In today’s miscellaneous items: A suggestion of a possible SLAB entry leak (task_delay_info) from Paul Rolland in -rc4 (for which he provided OOM output, and slabtop information), a confirmation that the previous infinite loop in get_futex_key is still present (Jens Rosenboom – who sent a reproducer), a note (Sam Ravnborg) that he thinks online mailing list archives for kernel.org are generally setup manually and not using some automated process (I can confirm that this appears to be true for archives such as gmane.org), a note (Dave Airlie) that a recent bug really only affects combination Intel IGP/AGP systems (AGP and IOMMU) to which David Woodhouse responded that he wondered how this would affect those with plugin cards on IOMMU systems, some staging radeon kms updates (also Dave Airlie – who is pulling these into F12), a question concerning network hangs on 2.6.12 (allegedy also affecting more less-dead recent kernels), a promised followup posting from Gui Jianfeng concerning Vivek Goyal’s latest IO scheduler patches (this time showing a performance loss of up to 4.9%, which is lower than previous test runs – there are of course also performance gains in some tests also), a patch from Mel Gorman that improves hugepage allocation success rates, a patch from Stanislaw Gruszka (and another similar one targeting POSIX CPUCLOCKs) that aims to improve itimers periodic ticks precision, a conversion of the hv driver in staging to use struct hv_driver (Nicolas Palix), some post scheduling fixes from Gregory Haskins (and Steven Rostedt and Peter Zjilstra), a repost of additional locking support in kmemleak from Catalin Marinas, the addition of LZO compression support for initramfs (Albin Tonnerre), some tracing cleanups (Frederic Weisbecker), a new bug (13850) oops reading /proc/kcore (Mike Smith), ongoing dicussion of the fanotify patches (Eric Paris, and also others), a pull request for wireless updates (John Linville), page allocator trace events from Mel Gorman, some power management fixes (Rafael J. Wysocki), and some clarity on the get_futex_key infinite loop problem (a suggestion from Eric Dumazet that execve() probably forgets to clear clear_child_tid).
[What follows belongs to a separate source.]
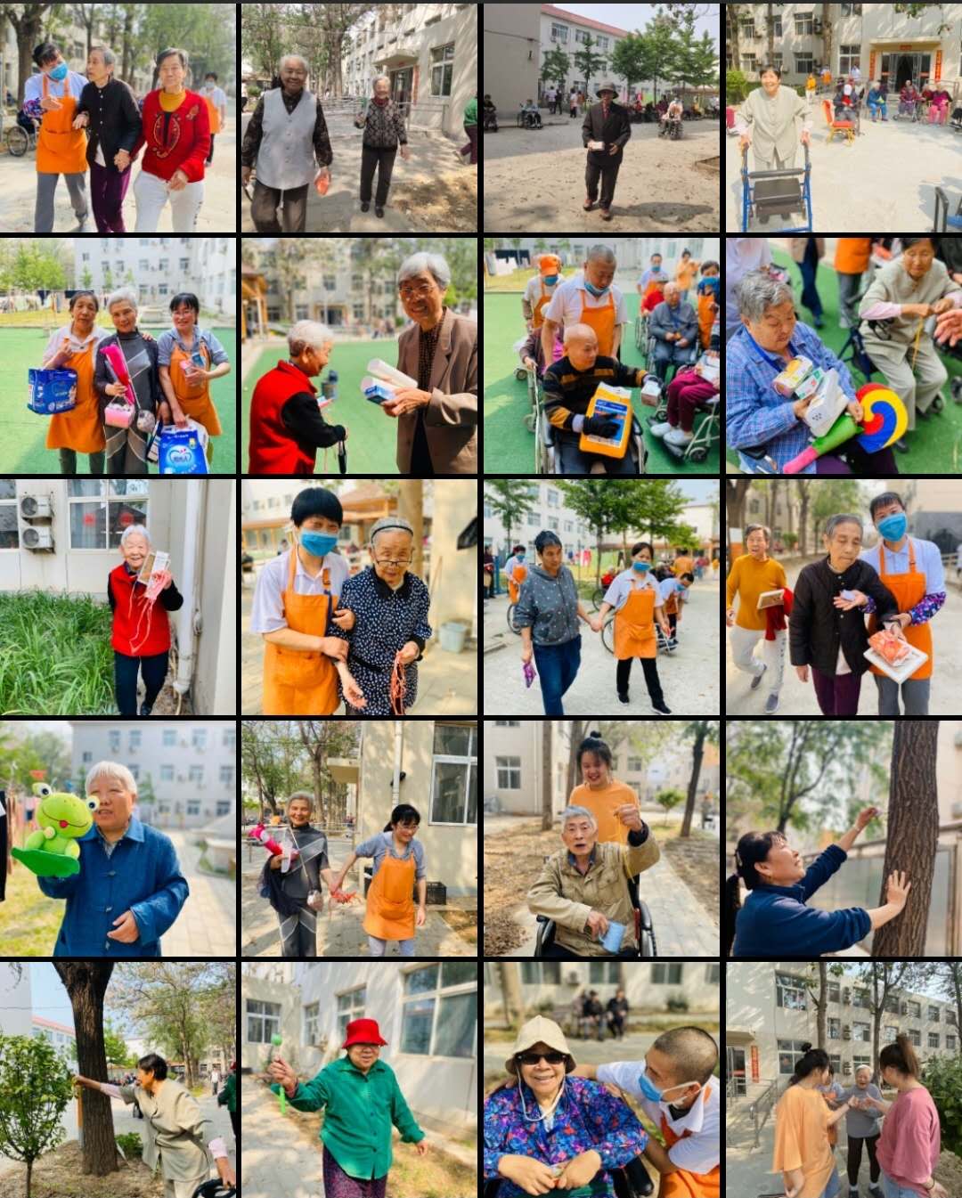 今天可是劳动者的节日,我们可要好好祝福辛苦了一辈子的爷爷奶奶们惊喜快乐呀!我们自己当然也要乐一乐!院长说,今天的宗旨就是掏空库房,只要爷爷奶奶们开心!

In today’s announcements: Git version 1.6.34 and Git 1.6.4. Junio C Hamano once again delighted us with the announcement of several git releases. Some fairly annoying bugs are fixed in these releases, which may be of interest.
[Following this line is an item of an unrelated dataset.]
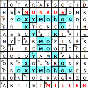 A fairly straightforward solve this week, with the alternatives of TYRE and TIRE at 15dn causing the only perplexity. It was only when I was tackling the bottom left corner that I noticed the preponderence of Xs and Ys in the grid, and guessed that they would be crucial. Indeed, with the corrections to misprints finally showing Egghead weds…, my ODQ revealed a headline, completed by the word hourglass, attributed to Variety in 1956 on the marriage of Marylin MONROE to Arthur MILLER, the two unclued entries.

Also today, 2.6.31-rc4-rt1. Thomas Gleixner announced the latest release of the “RT” kernel patches ported to 2.6.31-rc4. As covered previously, there are a large number of changes to the underlying architecture in the latest update.
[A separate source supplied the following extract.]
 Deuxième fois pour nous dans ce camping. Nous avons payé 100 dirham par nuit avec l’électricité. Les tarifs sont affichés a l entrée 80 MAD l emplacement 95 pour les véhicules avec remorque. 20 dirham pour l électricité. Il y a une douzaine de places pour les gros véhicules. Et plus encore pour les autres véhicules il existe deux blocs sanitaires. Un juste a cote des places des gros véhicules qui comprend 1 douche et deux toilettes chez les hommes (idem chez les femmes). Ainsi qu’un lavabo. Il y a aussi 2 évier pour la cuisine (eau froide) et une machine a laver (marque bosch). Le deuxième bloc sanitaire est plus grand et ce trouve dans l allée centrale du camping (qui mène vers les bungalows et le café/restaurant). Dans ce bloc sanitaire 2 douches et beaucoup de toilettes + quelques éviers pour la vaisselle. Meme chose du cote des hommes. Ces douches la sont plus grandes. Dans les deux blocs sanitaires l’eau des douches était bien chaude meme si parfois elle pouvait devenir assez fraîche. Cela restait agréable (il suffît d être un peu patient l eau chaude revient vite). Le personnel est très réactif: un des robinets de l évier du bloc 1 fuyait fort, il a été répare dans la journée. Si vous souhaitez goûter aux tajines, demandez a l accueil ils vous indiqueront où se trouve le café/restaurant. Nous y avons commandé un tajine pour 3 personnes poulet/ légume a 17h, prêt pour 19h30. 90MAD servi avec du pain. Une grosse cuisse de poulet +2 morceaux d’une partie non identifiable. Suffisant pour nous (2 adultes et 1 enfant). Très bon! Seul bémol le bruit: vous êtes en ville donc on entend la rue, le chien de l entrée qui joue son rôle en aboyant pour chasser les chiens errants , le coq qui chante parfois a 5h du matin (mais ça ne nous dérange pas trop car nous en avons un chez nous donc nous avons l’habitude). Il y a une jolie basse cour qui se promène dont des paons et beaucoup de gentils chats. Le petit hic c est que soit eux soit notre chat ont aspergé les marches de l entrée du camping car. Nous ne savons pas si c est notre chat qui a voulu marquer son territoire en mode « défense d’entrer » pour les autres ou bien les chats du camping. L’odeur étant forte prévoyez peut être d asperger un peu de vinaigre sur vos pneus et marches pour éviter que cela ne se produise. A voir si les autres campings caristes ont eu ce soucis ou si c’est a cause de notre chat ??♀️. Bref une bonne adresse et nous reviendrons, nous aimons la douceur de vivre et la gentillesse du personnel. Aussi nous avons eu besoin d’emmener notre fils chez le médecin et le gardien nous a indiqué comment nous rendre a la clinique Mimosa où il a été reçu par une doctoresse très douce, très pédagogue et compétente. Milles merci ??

The latest kernel release was 2.6.31-rc4, although a newer rc5 was subsequently released on Friday evening.
Stephen Rothwell posted a linux-next tree for July 29th. Since Tuesday a new kmemleak tree has been provided by Catalin Marinas, Alan Cox’s former ttydev tree has been removed (at Alan’s invocation), the tree still fails to build in an allyesconfig build configuration on powerpc, and the drbd and staging trees gained conflicts against other trees. The subtree count remains steady at 135 trees since the removal of one tree was offset by the addition of another.